Она говорит правду, однако у нее ужасное предчувствие, что она все-таки невольно лжет, что-то лжет в ней, но что, как? Элизабет смущается, у нее кружится голова, и она лишь жалко повторяет:

– Я клянусь, мама, клянусь… отшельницей на горе.

– Лжете, лжете! Я заметила, как вы покраснели, почему вы покраснели?

– Не знаю, мама, клянусь, я думала о горе, о пещерах, о святой Терезе.

Но благодаря инстинкту, выкованному страданием, унижениями, благодаря нюху хорька мать безошибочно учуяла в дочери скрытое упрямство, некий прочный стержень внутри, за который та цепляется.

– Почему вы покраснели?

– Не знаю.

– Почему?

– Я не знаю.

Она действительно не знает.
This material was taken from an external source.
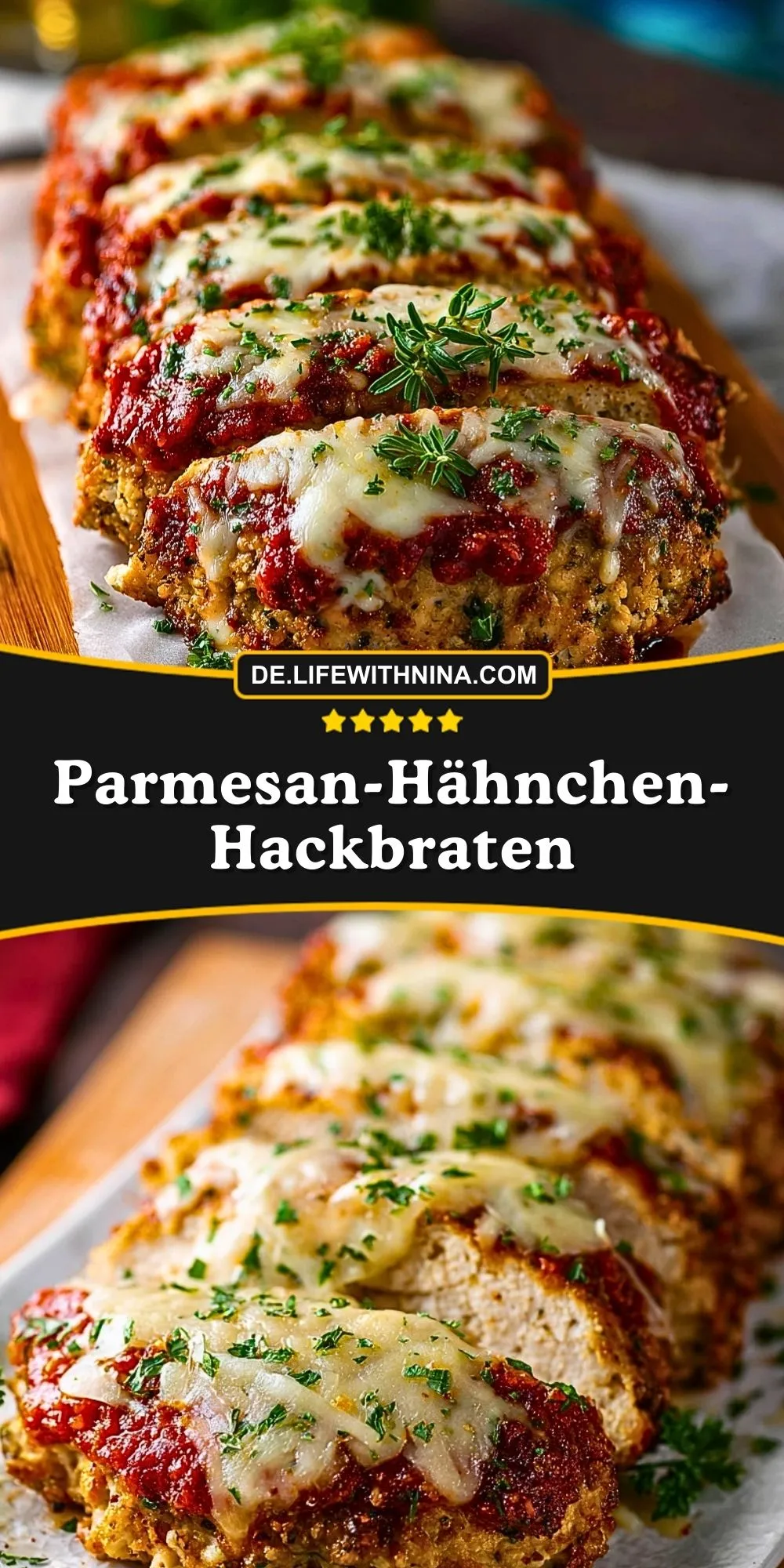 Ein saftiger Hackbraten aus zartem Hähnchen, verfeinert mit Parmesan, italienischen Kräutern, Tomatensauce und goldbraunem Mozzarella – ein herzhaftes Familiengericht, das immer gelingt!

Почему она вскочила, уронила книгу? Почему для ее чтения она выбрала укромный уголок в кладовой для белья? Почему резко выпрямилась с багрянцем на щеках, потревоженная, да, потревоженная, это правда, когда предавалась восхитительным мечтаниям? Почему? Именно тогда, припертая к стене, не в состоянии, не желая больше задавать себе никаких вопросов, она вдруг выкрикнула слова возмущения, какие редко срываются с ее губ:

– Вы не имеете права!

Не имеете права! А обладала ли когда-нибудь правами она, Клод де Маньер, ничем не примечательная девица, которой в течение десяти лет твердили, что она не выйдет замуж, а потом, когда она вышла за первого встречного бахвала, говорили, что ей остается лишь благодарить Бога? Выставленная напоказ как не представляющий ценности товар (на который отвлекаются только для вида, прежде чем войти внутрь магазина), десяток раз отвергнутая, взятая, наконец, покупателем, который не мог разжиться чем-нибудь получше и хочет, кроме того, чтобы превозносили его благородство, Клод должна была еще терпеть оскорбительные советы родителей, желавших ее убедить в преимуществах ее замужества.

– Ты по-прежнему распоряжаешься своим имуществом. У тебя всегда на руках этот козырь.

Козырь! То ли из-за чрезмерной тонкости чувств, то ли из-за чрезмерной гордыни Клод щедро все отдала, не требуя ничего взамен, и сегодня положение супругов было подорвано, о чем она не догадывалась. Де Ранфен был почти тронут щедростью жены. Однако, тупоголовый и необузданный по природе, хотя сам по себе и не злой, он решил отработать свой пай, прилежно удостаивая своим присутствием ложе супруги, пока та не дала понять, что и здесь считает должником скорее его, чем себя. Де Ранфен не был способен на признательность. Очень быстро он стал видеть в ней лишь холодную женщину, ущербную мать, не смогшую подарить ему сына, докучливую богомолку, наследницу, которая по смерти коварных родителей не принесла ему того, на что он рассчитывал. Его одурачили и не скрывают этого. Права! Пусть бы она только посмела их потребовать – однако, по правде говоря, Клод все это время претендовала лишь на одно право, право быть совершенной. Может, она этим злоупотребляла. Кроме того, она невольно преподала силу своего совершенства дочери, которая впервые, ставя между собой и матерью невидимый барьер кротости, берет ее руку и целует:

– Но в чем вы, мама, меня упрекаете?

В состоянии ли Клод ответить? Разбирается ли она сама толком в причинах болезненной и ревнивой нежности, которую вызывает у нее ее «единственное сокровище»?

– Вы еще дерзите! Я пожалуюсь вашему отцу, я…

Она уже не сдерживается, и хладнокровие девочки еще больше выводит ее из себя.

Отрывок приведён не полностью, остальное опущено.